FIG. 1 is a diagram illustrating a chip size package.

FIG. 2 is a diagram illustrating a conventional method for manufacturing a chip size package.

FIG. 3 is a diagram illustrating a method for manufacturing a semiconductor device according to the present invention.

FIG. 4 is a graph showing a differential scanning calorimetry (DSC) curve of the sealing material.

FIG. 5 shows 175 ° C. obtained from the analysis of the DSC curve in FIG.
6 is a graph showing the relationship between the reaction rate of the sealing material and the reaction time in FIG.

[Explanation of symbols]

 DESCRIPTION OF SYMBOLS 1 ... Chip size package 2 ... Semiconductor chip 3 ... Bump 4 ... Solder ball 5 ... Sealing material layer 31 ... Wafer 32 ... Bump 33 ... Sealing material 34 ... Peeling film 35, 38 ... Sealing material layer 37 ... On a bump End face 39: solder ball 40: semiconductor element

 ──────────────────────────────────────────────────続 き Continuing on the front page (72) Inventor Norio Fukasawa 4-1-1, Kamiodanaka, Nakahara-ku, Kawasaki-shi, Kanagawa Prefecture Inside Fujitsu Limited (72) Inventor Muneichi Morioka 4-chome, Kamiodanaka, Nakahara-ku, Kawasaki-shi, Kanagawa No. 1 Fujitsu Limited F term (reference) 4M105 FF04 GG17 GG19

Claims (8)

[Claims] 1. A method of manufacturing a semiconductor device by forming a sealing material on a wafer having bumps for external terminals so as to expose a bump end face, sealing the wafer, and cutting the individual elements.
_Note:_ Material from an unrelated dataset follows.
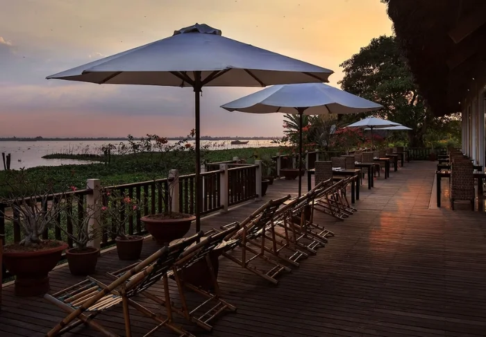 Päivän päätteeksi voi nauttia virkistävän juoman baarissa ja ihailla auringonlaskua Mekongin yllä.

Then, the wafer on which the reactive sealing material is placed is placed on a molding support, a release film is placed on the reactive sealing material, and the temperature and the temperature are set via the wafer and the release film. The molding of the sealing material by applying pressure to spread the sealing material on the surface of the wafer is performed for a time period at which the reaction rate of the sealing material at this molding temperature is 30% or more and less than 100%. A method for manufacturing a semiconductor device, comprising cooling a sealing material and peeling off a release sheet to seal the wafer with the sealing material so that the bump end surfaces are exposed. 2. The method according to claim 1, wherein the sealing material is an epoxy resin, a curing agent,
The method of claim 1, wherein the composition comprises a filler and a curing catalyst. 3. The method according to claim 1, wherein the sealing material is molded only for a time when the reaction rate of the sealing material at the molding temperature is 30% or more and less than 100%, and then the sealing material is forcibly cooled immediately. 2. The method according to 2. 4. The method according to claim 1, wherein additional heating of the encapsulant is performed after peeling off the film. 5. The method according to claim 1, wherein the additional heating is performed at 150 to 200 ° C. for 5 hours.
5. The method of claim 4, wherein the method is performed for up to 12 hours. 6. The method according to claim 1, wherein the release film is a polyimide-based film. 7. The method according to claim 1, wherein a reaction rate of the sealing material at the molding temperature is 60 to 95%. 8. A semiconductor device, bumps for external terminals formed on the surface of the semiconductor device, and a sealing material formed by molding a sealing material so as to cover the surface of the device on which the bumps are formed and to expose the end surface of the bump. A semiconductor device including a stopper layer, a wafer on which a reactive encapsulant is placed is disposed on a molding support, and a release film is placed on the reactive encapsulant. The encapsulant is formed by spreading the encapsulant on the surface of the wafer by applying temperature and pressure through the release film, and the reaction rate of the encapsulant at this molding temperature is 30% to 100%. After going for less than
A semiconductor device manufactured by peeling off a release sheet and cutting the wafer into individual elements.